My goal in this write-up is to walk you through the same concepts, architecture patterns, and demo-driven techniques I used during the Build Hour so you can reproduce, adapt, and improve on them. I’ll explain the underlying ideas behind agentic tool calling, break down the components of a task-oriented agent system, show the end-to-end architecture I built during the demo, and summarize practical guidance from our Q&A. I’ll also share recommendations for evaluation, failure handling, and product UX so you can ship robust agent-driven features safely.

📦 Overview — What changed in 2025 and why it matters for builders

2025 brought a number of developments that collectively shift the way we think about models and what they can handle. The headline items that matter for agentic systems are:

Responses API — A unified API capable of running complex flows, integrating hosted tools, and handling longer-running operations.
Agents SDK — An SDK that wraps common agent loops and makes it straightforward to express tools, local function calls, and higher level coordination patterns.
Hosted Tools and MCP — The ability to register remote tools and microservices with the system so a single API call can orchestrate interactions across multiple systems.
Codex — A capability to operate directly on repositories, run tests, and make changes with persistent runtime environments, ideal for developer workflows and long-running code tasks.
Model advances — Models trained to reason, plan, and learn using reinforcement-based approaches that emphasize final outcomes over step-by-step demonstrations.

Put together, these pieces let us build “agents” that are not only good at thinking but are also good at doing — calling tools, invoking functions, interacting with other services, and handling long-horizon objectives with robustness.
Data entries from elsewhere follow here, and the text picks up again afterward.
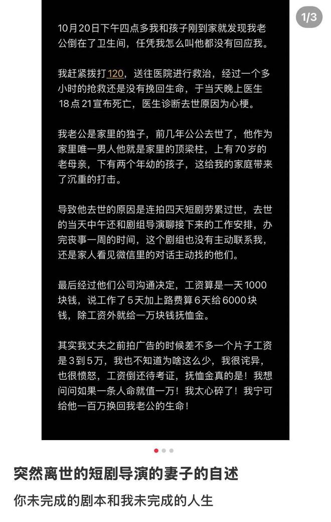 集目新闻记者詹璐和见习记者李淑仪近日,一篇题为《你未完成的剧本和我未完成的人生》的帖子引起了网友的关注。该博主在网上发帖称,她担任短游戏总监的丈夫不幸因心脏病去世。 11月7日晚,博主王女士告诉吉木新闻记者,10月中旬,她的丈夫高先生拍戏回家第三天突然去世。那天中午他还在谈论工作上的事情。高先生去世当天,他的妻子仍在处理该帖子。据王女士交代,10月20日下午,她接儿子回家时,发现丈夫高先生躺在卫生间里。在其他 120 人试图营救失败后,他去世了。当王女士查看王女士的手机时,发现他去世当天中午12点还在和剧组人员通话。据他的工作日志记载,拍摄过程中“一个小时就完成了工作”每天一两点,早上七点又开始。”进入工作模式后,妻子几乎没有休息过。“他是今年5月份开始从事短剧行业的。”据王女士回忆,丈夫从9月底开始参与短剧的拍摄准备,并担任某部短剧的副导演。10月13日,高先生前往郑州剧组,从14日到12日进行了四天的拍摄。 17日,18日15:00左右回到家,“那天他回家后说自己没事,或者是累了,所以我就让她早点睡觉。”王女士说,当天晚上22:00左右,全家人都睡了。当晚8点左右,高先生就在工作台上睡觉了。 20日13:00左右,高先生在微信上问她怎么了,没想到,她发现丈夫在莹在地上。高先生去世后,死因诊断为心肌梗塞。为了不影响丈夫后续工作,高先生去世当天的工作笔记(采访者给出)留下了两个女儿。高先生出生于1981年,2005年认识女士时,他仍在从事摄影器材销售工作。在推销和自学的同时,高先生逐渐爱上了摄影。王女士回忆道,“他一直想和我分享他遇到的有趣时刻,我也会分享给大家。就这样,他一步步学习、成长。”因为热爱,高先生于2010年左右前往北京学习摄影。 “他存钱已经很久了,他真的很喜欢这个行业。”他离开了十年,直到2022年才回到河南开封老家工作。女士介绍。王先生表示,高先生在从事短剧之前,曾在当地一家电视台工作,后来学会了拍摄短片视频和纪录片,后来从事纪录片、广告等创意工作。 “他很认真,对细节要求严格。上班时他很专注,很细心。相反,他在生活中不小心。”她说。王女士告诉记者,高先生心里一直有一个梦想,想拍一部自己一生的纪录片或电影。 “他真是一个脚踏实地、勤奋、执着、眼睛明亮、有梦想、有抱负的人。”此外,高先生是家里唯一的儿子。父亲去世,母亲69岁。他和王舍女士有两个女儿,大女儿10岁,小女儿6岁。目前,大女儿正在学习小提琴,高先生在孩子四岁的时候就为她规划了未来的道路,是一个丈夫,一个负责任的父亲。”王女士说,工作不忙的时候,高先生总是选择孩子,照顾家庭。”我们一家四口喜欢一起看电影、电视,天气好的时候就出去户外活动。”让高先生感到温暖的是,即使在北京工作,高先生也坚持定期和家人视频通话,寒暑假前总是提前安排家庭出游。他的突然离世,让一家四口失去了经济和精神上的支持。“大女儿被同学说‘你没有爸爸了’,她很伤心。”高先生家人的情况(采访者提供)他们签订了雇佣协议,据王女士介绍,距离她丈夫去世已经半个月了,公司只给了她6000元工资。高先生去世当晚,参与生产的公司相关负责人联系了家人,但没有继续沟通,10月27日,王女士的家人收到了“1万元抚恤金”的补偿方案。从另一部分y。 “他今年才44岁,他的余生值一万块钱吗?”说高王女士是家里的经济支柱。他的去世给家庭带来了很大的影响,公司的赔偿金额也是他无法接受的。然而,在王女士搜查物品时,并未发现高先生所签订的劳动合同及涉及公司的相关信息。目前,涉事公司尚未主动联系王女士商讨赔偿事宜。他表示,他的妻子和公司负责人认识很久了,目前希望与公司进行洽谈。极目新闻记者多次尝试联系涉事公司负责人,但电话无法接通。记者联系了几位涉事工作人员,证实该短剧确实是10月中旬在郑州拍摄的,并且是他们与高先生合作的。其中之一aff说,听到高先生去世的消息他感到非常震惊。 “前几天我们刚刚工作,然后他就突然消失了。”他还表示,短剧的拍摄真是及时又费力。对于记者提出的不签订劳动合同是否合法的问题,他也表示,“需要考虑”。 (来源:极目新闻)
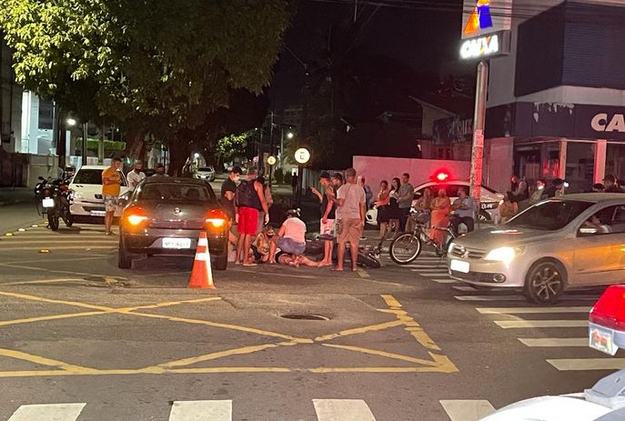 Um homem e uma mulher foram socorridos após ficarem feridos em um acidente, na noite de ontem (5), na capital. Segundo testemunhas, o casal estava em uma motocicleta que foi atingida por um carro, no bairro de Jaguaribe. Uma lata de cerveja foi encontrada ao lado da marcha do veículo e o motorista foi preso.
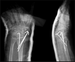 Ճաճանչոսկրի դիստալ մետաէպիֆիզի կոտրվածքների բուժումը միջմաշկային անցկացված շյուղերով
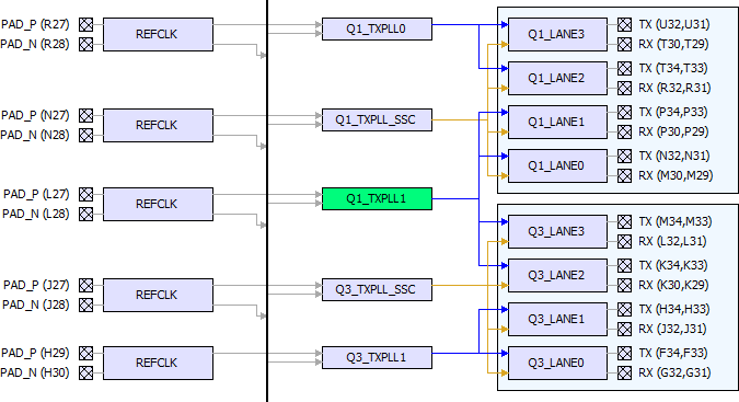 Figure 9-26. Q1_TXPLL1 to Four Lanes Connection (Before Placement)
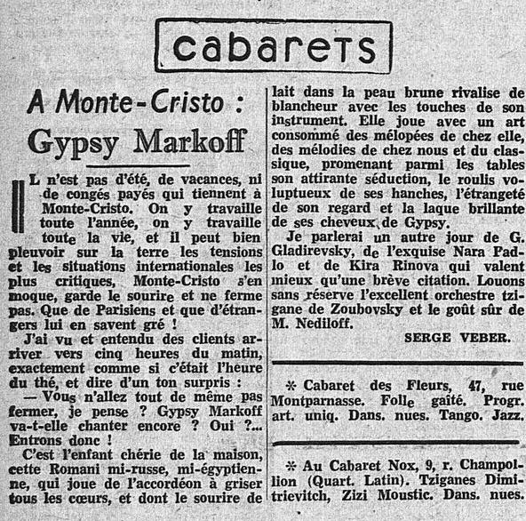 Andy, in another newsclip we have another description of the gypsy princess, called Gypsy Markoff which is not super interesting but I must admit that I didnt look for more information about her. Neither did I look for more about Nara Padlo. (especially because she is mentioned as a minor artist, who probably just had a career in this type of cabarets). I already spent so much time tracking down Galia Toumanova, which is just a minor artist, I didnt really want to do it again LOL.
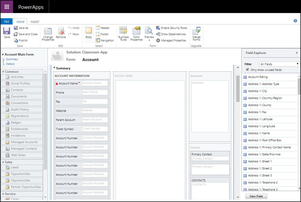 The Form Designer really has not changed much over the years. While it also recently got the “PowerApps” logo, but overall, the designer tool is a tool that Dynamics 365 configurators have gotten quite comfortable with.
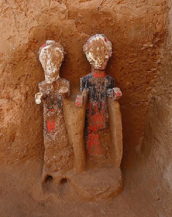 當(dāng)沿著東1區(qū)的兩座“中”字形(M1和M2)大墓深長(zhǎng)的墓道而下時(shí),超過(guò)12米深的墓室令人印象深刻?!皟勺竽剐沃平Y(jié)構(gòu)基本相同,總長(zhǎng)、深度相當(dāng),墓道深長(zhǎng),槨室大小相若,均南北長(zhǎng)7米,東西寬5米?!狈N建榮說(shuō),兩墓均遭盜擾,出土隨葬品多寡有別。
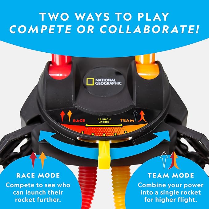 NATIONAL GEOGRAPHIC Air Rocket Toy – Jump & Launch Dueling Air Rockets up to 100Ft., Includes Launcher, 4 Foam-Tipped Rockets, Outdoors kids Toys, Kids Science Kit, Rocket Launcher (Amazon Exclusive)
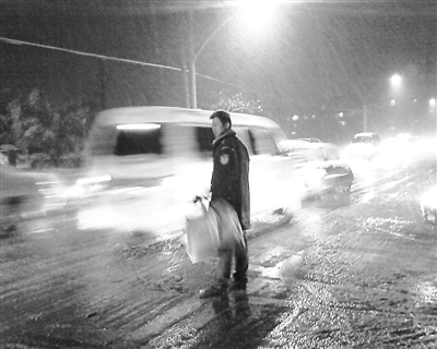 刘红莲女士家住武昌才茂街,在武钢总医院上班。前晚6时下班后,她开车去青山钢花113街母亲家吃饭。路过113街与110街的十字路口,整个路口都被车辆堵死。刘女士发现,马路当中站着一名身穿警服的男子,正在指挥交通,“他一辆车一辆车地疏导,手势十分熟练”。刘女士说,那警察并没有打伞,站在大雪中衣服已湿了好几块。不一会,这名警官来到刘女士车前,要求她将车后退一点,在其指挥下,刘女士右转驶离路口。
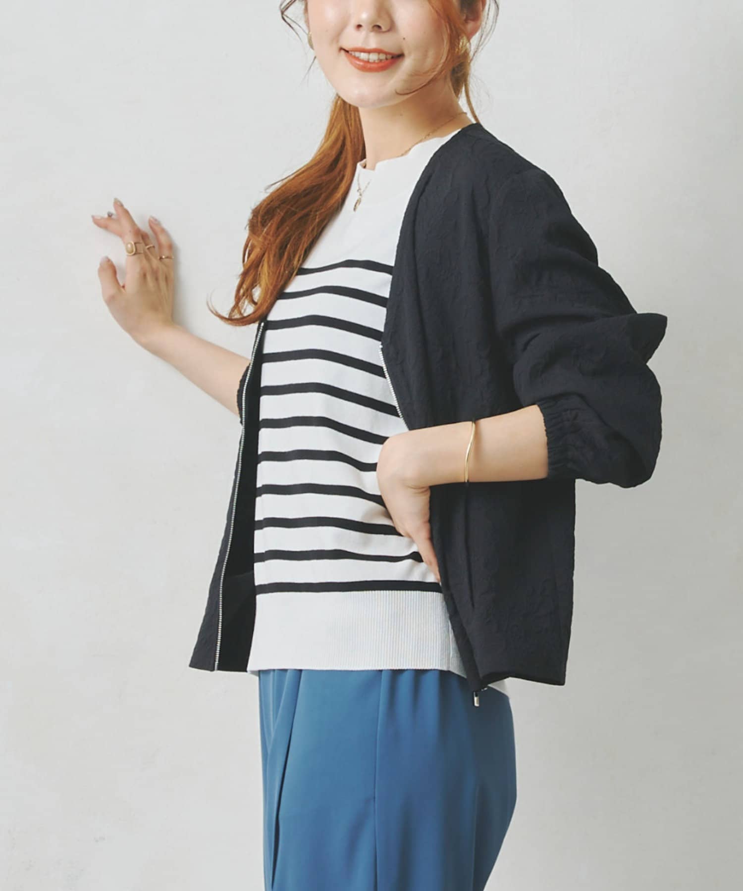 • Chez toi(シェトワ) JQ織柄ZIPブルゾン
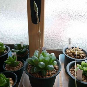 ハオルチア緑焰から花芽が伸びてきました。 交配させてあげたいけど、ほかの株からはまだ花芽が出ていません。 花の時季を合わせるのは難しいですね。 やはりたくさん育てて、開花が合ったもので交配していくしかないのでしょうか? 気長にやっていきます。
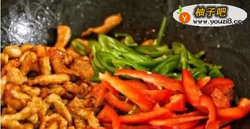 55、把炒好的肉丝滑到锅的一边,另外一边下入青红椒丝。先不要打乱。
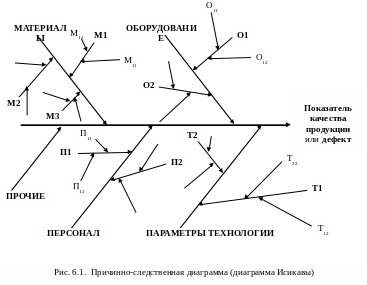 При построении диаграмм (рис. 6.1) в качестве главных факторов, определяющих качество продукции, учитываются так называемые 4М (первичные причины): material (материал) + machine (оборудование) + man (персонал) + method (параметры технологии), а также фактор «прочие». Эти причины являются, в свою очередь, следствием вторичных причин: М1, М2,... (для материалов и сырья); причин О1, О2,... (для оборудование) и т.д. Вторичным причинам могут соответствовать третичные причины и т. д. Например:
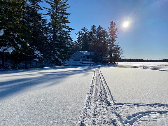 MORE PHOTOS TO COME - Embrace the beauty of every season at this extraordinary 4-season recreational residence on Grindstone Lake, where 245 ft. of pristine shoreline and a private1.2-acre lot invite you to reconnect with nature's wonders. Step into a beautifully renovated, fully furnished 1,700 sq.ft. open-concept home that inspires relaxation and togetherness, with a spacious wrap-around deck offering panoramic lake views perfect for morning coffees, sunset gatherings. or hosting loved ones for unforgettable gatherings, this opportunity provides 2 spacious bedrooms, primary with en suite, and an additional elegant guest bathroom, open concept kitchen, dining, lakeside nooks and games area, every detail invites comfort and relaxation, while the beautifully furnished interiors mean you can start making memories from day one. In 2020 the interior underwent many renovations including hardwood floors throughout, kitchen, bathrooms, a new propane furnace, new windows and sliding glass doors, spray foam insulation throughout the 1500 sqft crawlspace/utility room. The roof was replaced in 2016, and the detached garage with loft area is fully insulated and heated. Enjoy endless recreational trails right from your doorstep, excellent swimming, and a sandy-bottom shoreline with your own private boat launch. Whether you dream of casting a line for bass or trout, exploring crystal-clear waters by boat, or simply savoring peaceful days in the heart of cottage country, this turnkey sanctuary is ready for your next chapter-no renovations required. With year-round road access and thoughtful updates throughout, every detail has been designed to ensure effortless enjoyment and lasting memories. A serene retreat surrounded by nature's tranquility, this property is your canvas for unforgettable moments all year round. Step into a life where every season inspires-your lakeside adventure awaits.
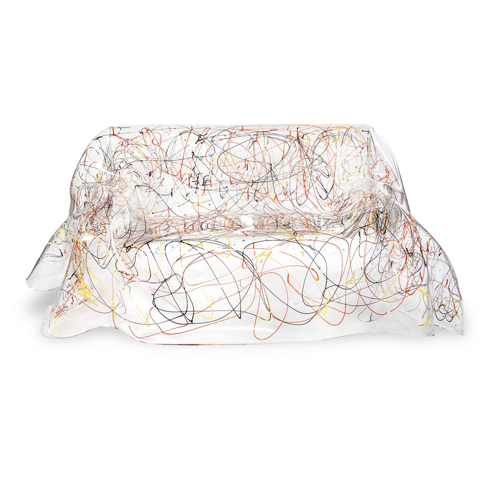 Moderne designbank in wit of veelkleurig plexiglas, made in Italy.
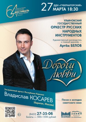 Ульяновский государственный оркестр русских народных инструментов Художественный руководитель и главный дирижёр — Артём Белов Солист — заслуженный артист Республики Карелия Владислав Косарев (баритон, Москва) Программу представляет Элла Якубенкова Талант и любовь к музыке создают подлинные шедевры, которые с течением времени не только не устаревают, напротив, изумляют совершенством и красотой. В программе концерта прозвучат любимые мелодии, согревающие душу, наполняющие сердце радостью и восторгом. Гость фестиваля –полюбившийся ульяновской публике певец Владислав Косарев. Владислав Косарев – чрезвычайно талантливый певец, обладающий глубоким и насыщенным баритоном. По окончании Российской академии музыки им. Гнесиных восемь лет работал в мужском хоре «Пересвет», где был сначала солистом, а затем и главным дирижёром.
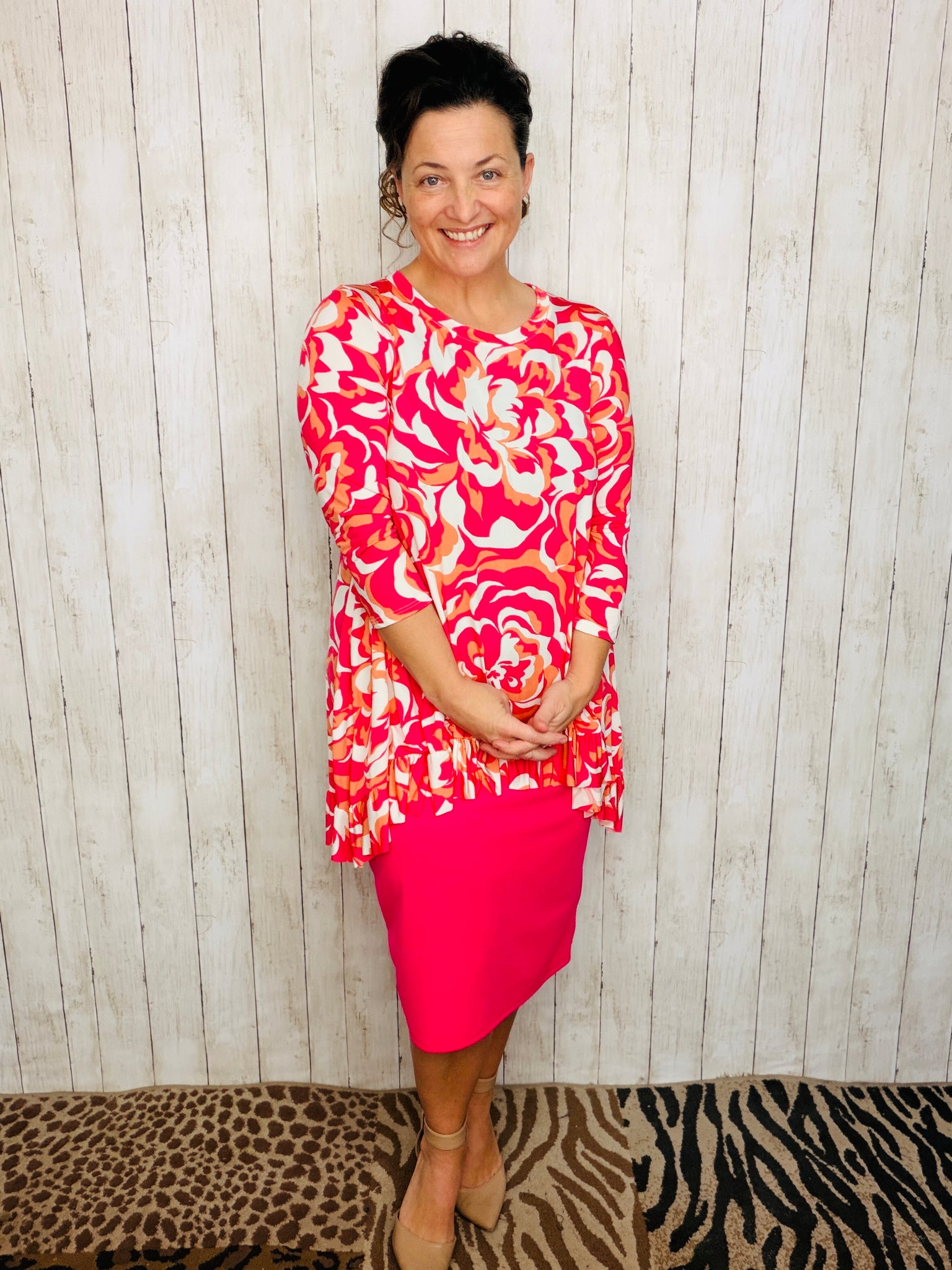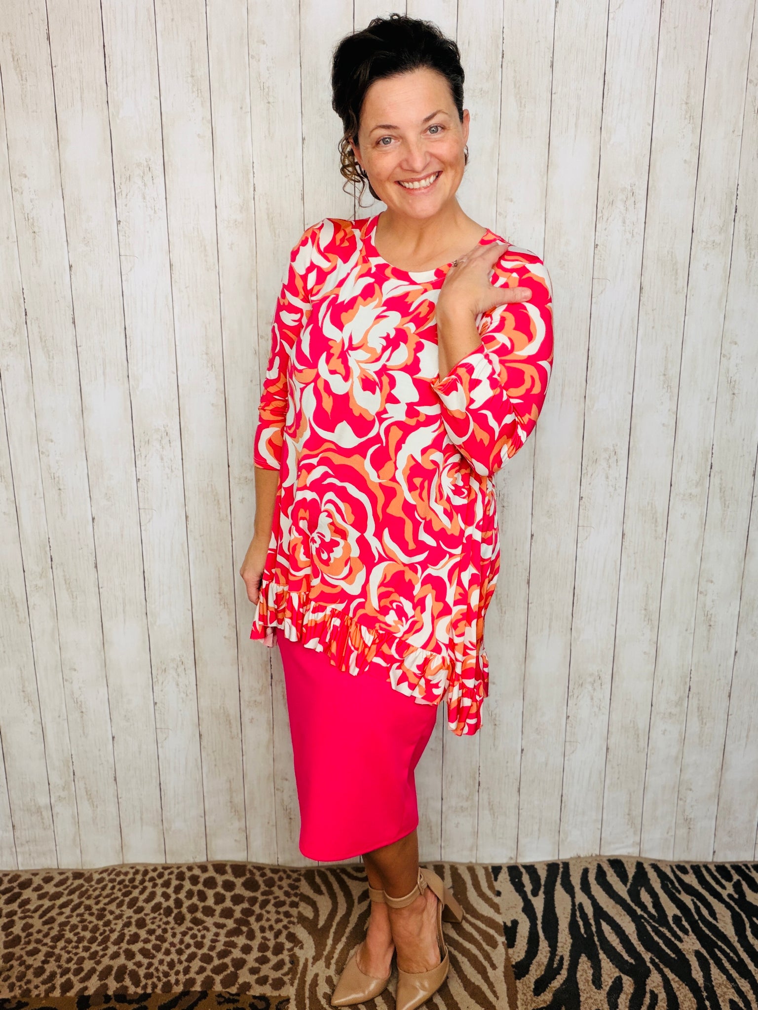 Samantha Ruffle High Low Tunic-Fuchsia Floral

🧭 Agentic Tool Calling — Definition and core idea

Agentic tool calling is a paradigm where a model combines its emerging internal reasoning (chain-of-thought) with access to external tools and functions. The model figures out how to reach a goal and then executes the steps it needs — often by calling tools — to get to that goal. The key difference from older approaches is that we train and evaluate on outcomes, not on prescribed step-by-step routes. The model is rewarded for obtaining the correct result and learns to invent and refine plans and actions to reach it.

“We train the models on solutions, not the steps that make them up.”

That sentence captures the leap: models learn to discover the steps themselves. When combined with tools and function calling, reasoning becomes doing.

🧠 Why reasoning matters — How models learned to plan and why that matters

Last year’s work introduced models that can reason implicitly. Instead of telling a model how to solve a task step-by-step through in-context examples, we let the model attempt to solve the problem and then graded whether the outcome was correct. Through reinforcement learning techniques, the model began to refine its internal chain of thought and strategies that led to correct outcomes. That’s crucial because:

Emergent planning: Models can invent multi-step strategies rather than being constrained to mimic templates.
Robustness: When a tool fails or data is missing, the model can recover and try alternative strategies.
Long-horizon consistency: Agents can maintain a coherent plan across many steps (potentially tens or hundreds of function calls).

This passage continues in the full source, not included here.